The flags, Sri Lankan lion flags which have had the token representation stripes for Tamils and Muslims removed, have long been associated with racist Sinhalese movements.
Their hoisting, alongside Buddhist flags, was captured by Yazh News, as the town prepares for the ceremony at the Temple of Sacred Tooth Relic. Sri Lankan president Gotabaya Rajapaksa visited the temple last week, where he spoke of the tooth relic as ”a symbol of status denoting the right to ascend the throne” and claimed, “99% of [Sri Lanka’s] relics are of Buddhist heritage”.
In recent years the flags have been flown several times by extremist Sinhala groups, including those behind the ‘Sinha Le’ or ‘Lion’s Blood’ movement and other organisations accused of hate speech.

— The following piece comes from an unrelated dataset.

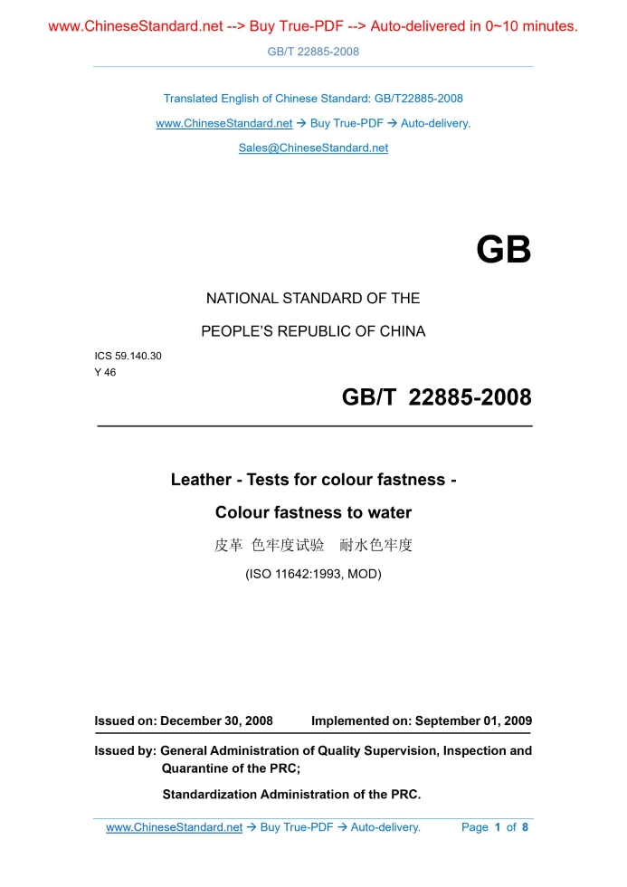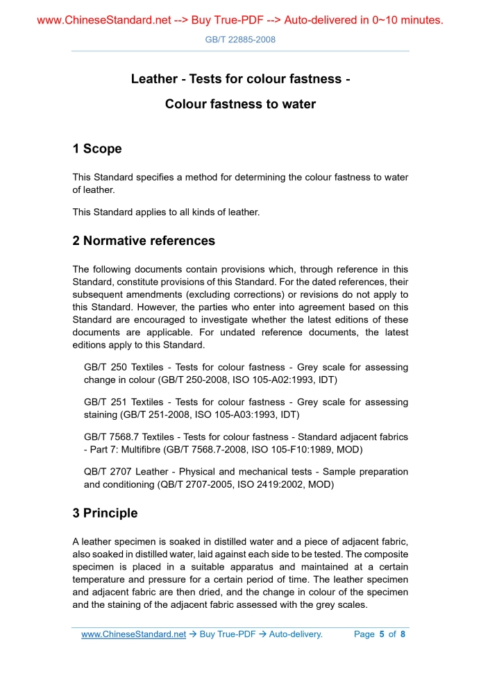 GB/T 22885-2008: Leather -- Tests for colour fastness -- Colour fastness to water Delivery: 9 seconds. True-PDF full-copy in English & invoice will be downloaded + auto-delivered via email. See step-by-step procedure Status: Valid

Sri Lanka's national flag, is dominated by a lion, the Sinhala national symbol, holding a sword facing two small strips, which were added to represent the Tamil and Muslim communities. In 1972, the government added four leaves of the Bo tree, a holy Buddhist tree, to the flag. Tamils have long rejected Sri Lanka’s flag and other national symbols, with many raising black flags as a sign of protest instead on Sri Lankan Independence Day.